# WHAT THE EXERCISE ASKS
From the records below, print only the part that opens with the line containing "绿都幼儿园选用的是银河游乐自" and closes with the line containing "Painted shells are"; omit the pictures.

# Collected data entries
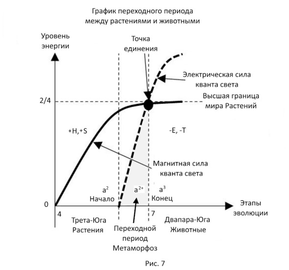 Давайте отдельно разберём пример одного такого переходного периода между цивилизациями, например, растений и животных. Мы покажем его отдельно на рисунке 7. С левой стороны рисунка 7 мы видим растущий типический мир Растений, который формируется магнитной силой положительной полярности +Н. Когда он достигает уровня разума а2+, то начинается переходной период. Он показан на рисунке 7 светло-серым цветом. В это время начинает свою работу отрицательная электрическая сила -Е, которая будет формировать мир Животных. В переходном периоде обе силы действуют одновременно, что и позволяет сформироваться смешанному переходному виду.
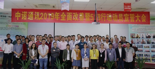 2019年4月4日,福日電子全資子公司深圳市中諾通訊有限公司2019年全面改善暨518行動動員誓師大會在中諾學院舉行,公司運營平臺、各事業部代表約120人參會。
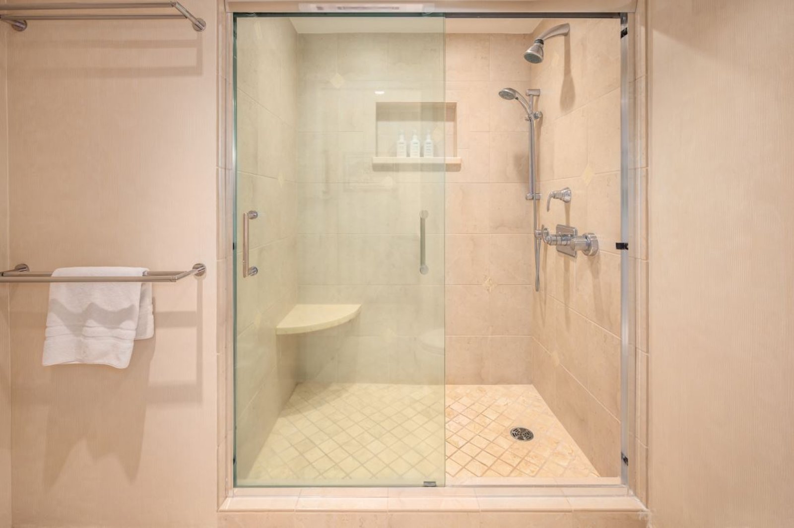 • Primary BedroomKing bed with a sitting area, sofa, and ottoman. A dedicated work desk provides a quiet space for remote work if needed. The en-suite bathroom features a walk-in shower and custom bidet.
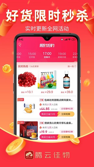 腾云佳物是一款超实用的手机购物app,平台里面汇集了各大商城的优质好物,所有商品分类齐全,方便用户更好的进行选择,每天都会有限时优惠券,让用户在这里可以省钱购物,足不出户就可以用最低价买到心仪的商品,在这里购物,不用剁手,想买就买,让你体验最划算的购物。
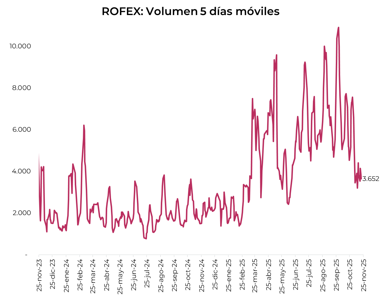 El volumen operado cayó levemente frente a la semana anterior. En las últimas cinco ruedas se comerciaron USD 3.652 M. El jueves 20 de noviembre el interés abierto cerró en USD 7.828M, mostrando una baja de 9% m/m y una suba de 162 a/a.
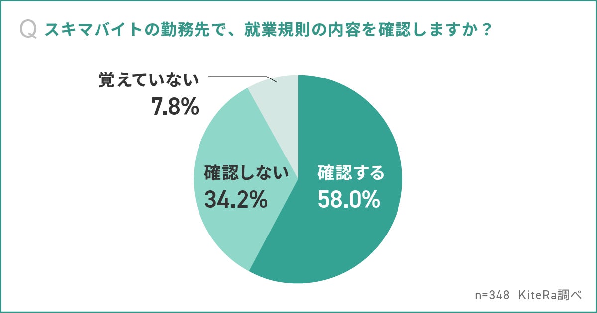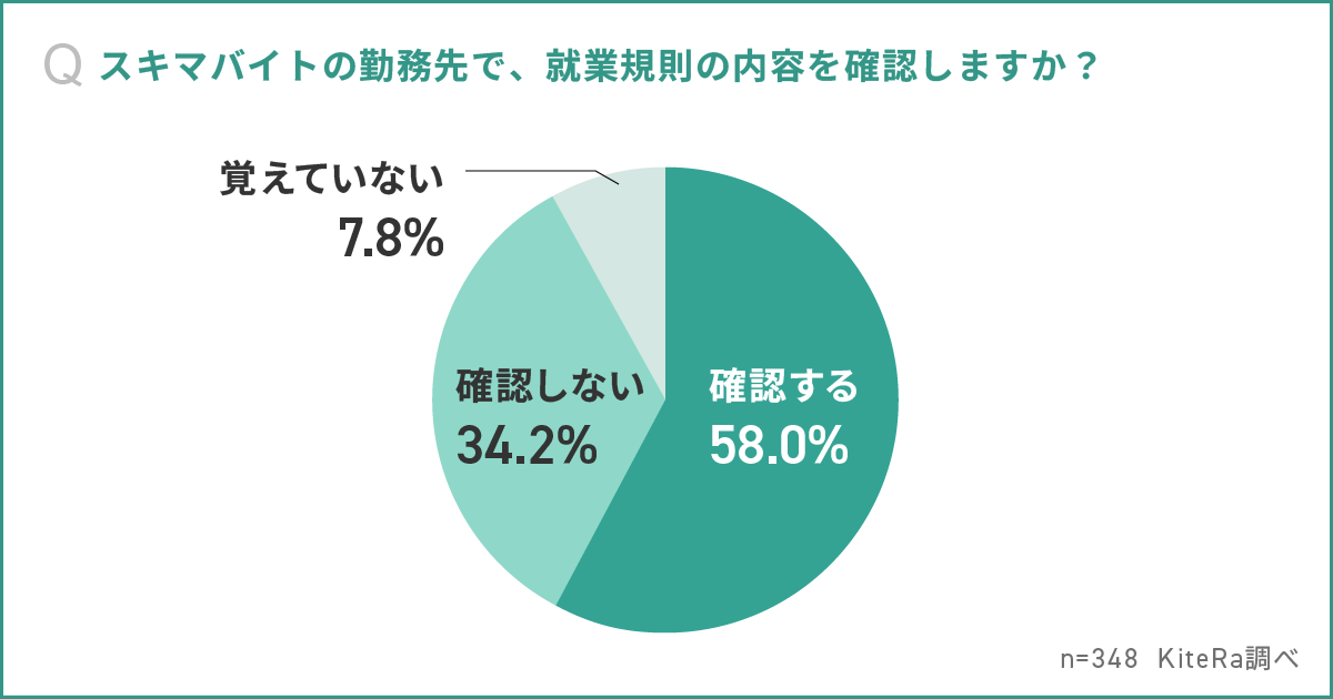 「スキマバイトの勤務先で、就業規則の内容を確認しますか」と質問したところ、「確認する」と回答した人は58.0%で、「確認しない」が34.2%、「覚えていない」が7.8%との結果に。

==

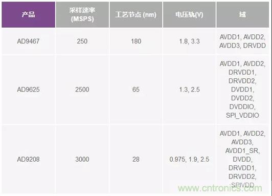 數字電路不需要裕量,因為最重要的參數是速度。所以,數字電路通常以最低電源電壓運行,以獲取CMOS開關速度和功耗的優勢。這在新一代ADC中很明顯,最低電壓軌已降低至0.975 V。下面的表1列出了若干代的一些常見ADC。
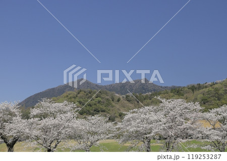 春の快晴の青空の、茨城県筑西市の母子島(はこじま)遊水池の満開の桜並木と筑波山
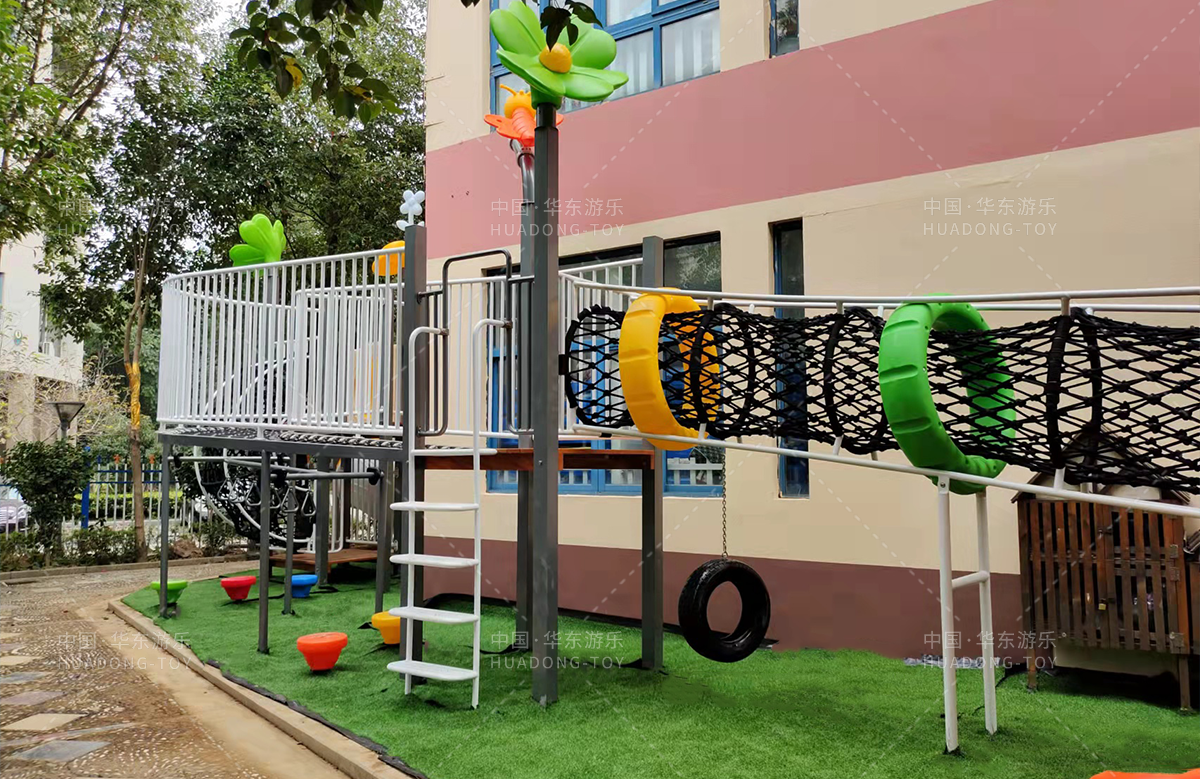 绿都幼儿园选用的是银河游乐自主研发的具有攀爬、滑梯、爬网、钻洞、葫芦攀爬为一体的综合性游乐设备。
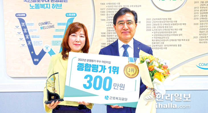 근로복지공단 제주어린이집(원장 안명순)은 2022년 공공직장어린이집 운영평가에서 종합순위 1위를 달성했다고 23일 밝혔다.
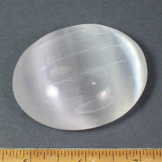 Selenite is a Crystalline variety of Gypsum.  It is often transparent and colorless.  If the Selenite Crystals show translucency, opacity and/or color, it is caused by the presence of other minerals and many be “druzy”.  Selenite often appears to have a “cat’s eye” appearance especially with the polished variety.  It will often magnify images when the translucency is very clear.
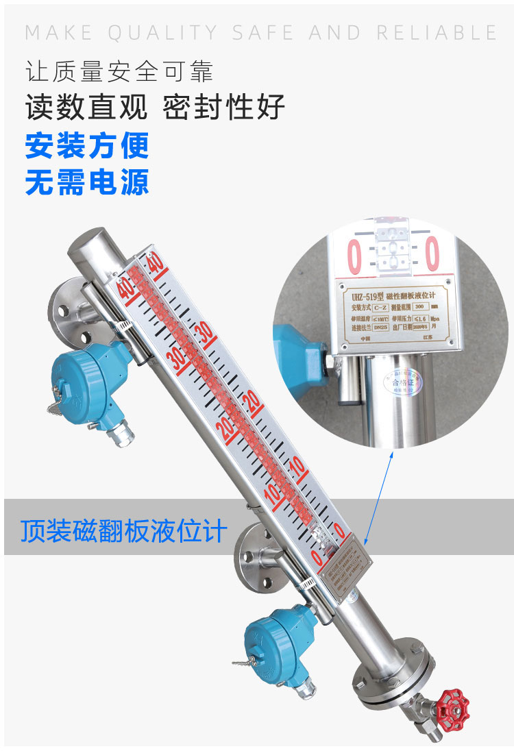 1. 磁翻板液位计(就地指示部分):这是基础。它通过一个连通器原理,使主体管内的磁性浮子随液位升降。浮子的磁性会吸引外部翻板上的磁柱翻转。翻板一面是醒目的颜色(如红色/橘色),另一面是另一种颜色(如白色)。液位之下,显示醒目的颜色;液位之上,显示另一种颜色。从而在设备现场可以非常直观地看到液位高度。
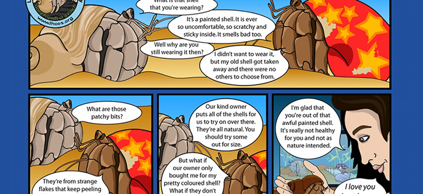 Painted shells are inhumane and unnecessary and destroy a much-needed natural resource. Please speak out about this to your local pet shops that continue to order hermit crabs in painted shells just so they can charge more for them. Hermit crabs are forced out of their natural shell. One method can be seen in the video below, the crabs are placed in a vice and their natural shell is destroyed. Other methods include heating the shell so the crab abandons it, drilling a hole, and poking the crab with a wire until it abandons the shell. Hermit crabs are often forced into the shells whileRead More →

# WRITTEN ANSWER
 绿都幼儿园选用的是银河游乐自主研发的具有攀爬、滑梯、爬网、钻洞、葫芦攀爬为一体的综合性游乐设备。
 근로복지공단 제주어린이집(원장 안명순)은 2022년 공공직장어린이집 운영평가에서 종합순위 1위를 달성했다고 23일 밝혔다.
 Selenite is a Crystalline variety of Gypsum.  It is often transparent and colorless.  If the Selenite Crystals show translucency, opacity and/or color, it is caused by the presence of other minerals and many be “druzy”.  Selenite often appears to have a “cat’s eye” appearance especially with the polished variety.  It will often magnify images when the translucency is very clear.
 1. 磁翻板液位计(就地指示部分):这是基础。它通过一个连通器原理,使主体管内的磁性浮子随液位升降。浮子的磁性会吸引外部翻板上的磁柱翻转。翻板一面是醒目的颜色(如红色/橘色),另一面是另一种颜色(如白色)。液位之下,显示醒目的颜色;液位之上,显示另一种颜色。从而在设备现场可以非常直观地看到液位高度。
 Painted shells are inhumane and unnecessary and destroy a much-needed natural resource. Please speak out about this to your local pet shops that continue to order hermit crabs in painted shells just so they can charge more for them. Hermit crabs are forced out of their natural shell. One method can be seen in the video below, the crabs are placed in a vice and their natural shell is destroyed. Other methods include heating the shell so the crab abandons it, drilling a hole, and poking the crab with a wire until it abandons the shell. Hermit crabs are often forced into the shells whileRead More →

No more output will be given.